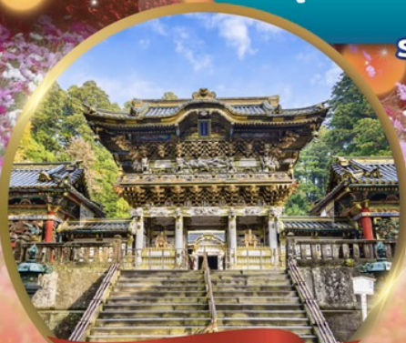
ศาลเจ้านิกโก้ โทโฮกุ
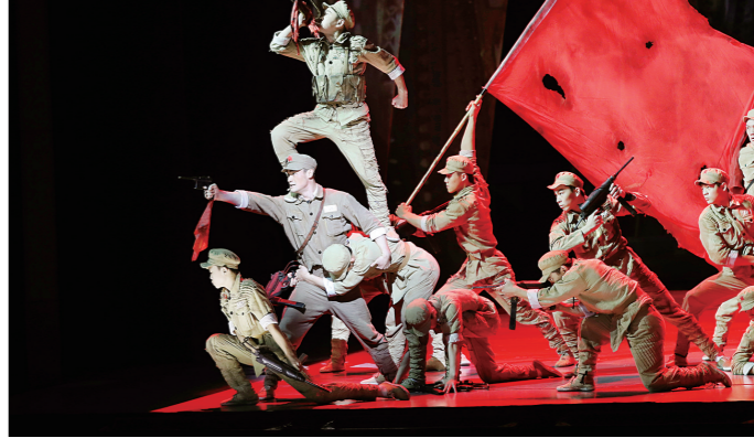
第21届中国上海国际艺术节开幕大戏《战上海》精彩上演

抚今追昔,我们无比自豪;面向未来,我们充满自信。70年来,在中国共产党坚强领导下,中国人民勇于探索、不断实践,成功开辟了中国特色社会主义道路,推动中国特色社会主义进
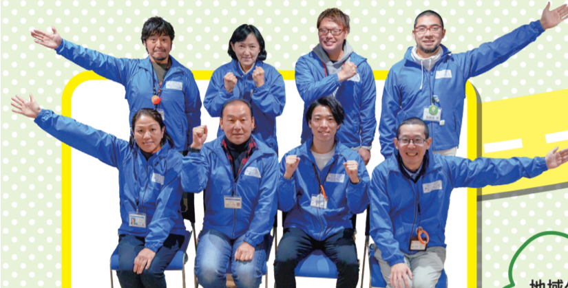
生活支援コーディネーターの皆さん
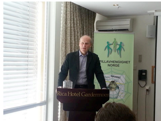
Michael Tetzschner fra Høyre.
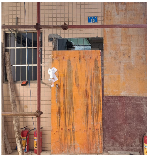
图 1 事发民房正门立面图

1. 勘察可见，龙田里 35 号自建房为一栋前厅后房、结构层数为两层、墙体为砖砌体、屋面为钢筋混凝土金字结构加盖复古瓦的砖混结构建筑物。该建筑物高度约为 6m、建筑物投影长度约为 14.6m、建筑物投影宽度约为 3.5m、总建筑面积约为 96 m 2 。
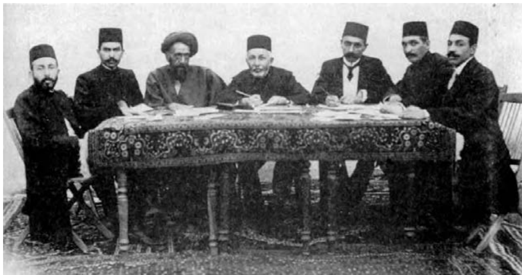
تعدادی از اعضای دولت موقت ملی در کرمانشاه

نظامیان روسی بخش وسیعی از نیمه شمالی کشورمان را که بر اساس معاهده ۱۹۰۷ به عنوان منطقه تحت نفوذ روسیه شناخته شده بود، اشغال کردند. انگلستان نیز گروهی از افسران انگلیسی و مزدوران هندی را به ایران فرستاد و نیروی پلیس جنوب را در بخش‌های جنوبی میهن ما تشکیل داد. این دو دولت اشغالگر سپس طی قرارداد ۱۹۱۵ ایران را به دو قسمت تقسیم کردند؛ نیمه شمالی متعلق به روسیه و نیمه جنوبی سهم انگلستان شد. با
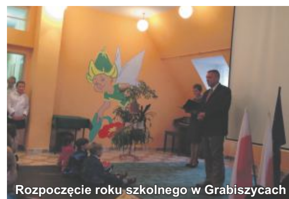
Rozpoczęcie roku szkolnego w Grabiszycach
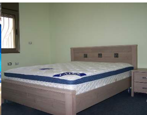
quarto do proprietário
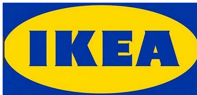
Gambar 1.1 Logo IKEA

Logo yang di miliki IKEA dapat disajikan sebagai berikut :
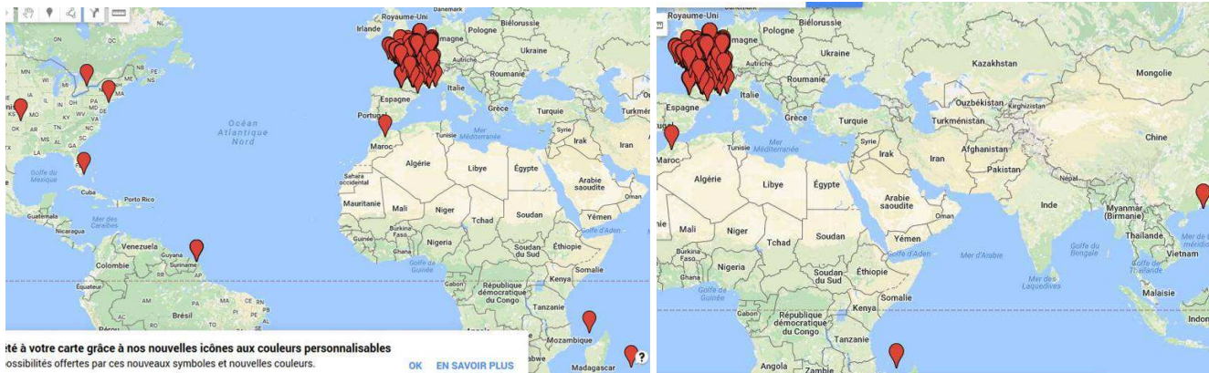
Répartition mondiale des parrains/marraines.
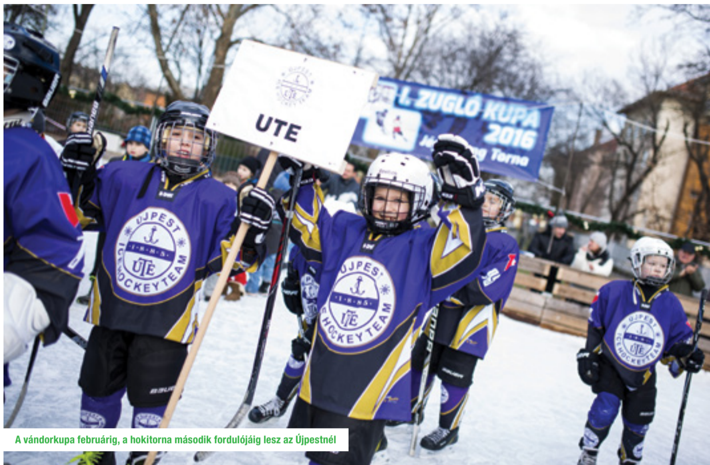
A vándorkupa februárig, a hokitorna második fordulójáig lesz az Újpestenél
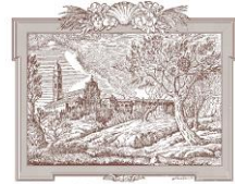
San Michele in Bosco Area Monumentale I.R.C.C.S.

SERVIZIO SANITARIO REGIONALE EMILIA-ROMAGNA Istituti Ortopedici Rizzoli di Bologna
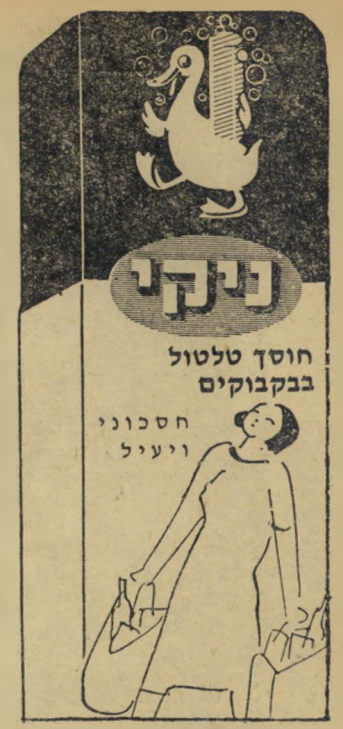
כשר לפסה תוצרת בית"ר נקה בע"מ

++++++++

> _YOUR OBJECTIVE_
The output is the stretch above from the line with "quarto do proprietário" through the line with "San Michele in", copied word for word with both ends kept and every picture dropped.

> _EXERCISE ANSWER_
quarto do proprietário
Gambar 1.1 Logo IKEA

Logo yang di miliki IKEA dapat disajikan sebagai berikut :
Répartition mondiale des parrains/marraines.
A vándorkupa februárig, a hokitorna második fordulójáig lesz az Újpestenél
San Michele in Bosco Area Monumentale I.R.C.C.S.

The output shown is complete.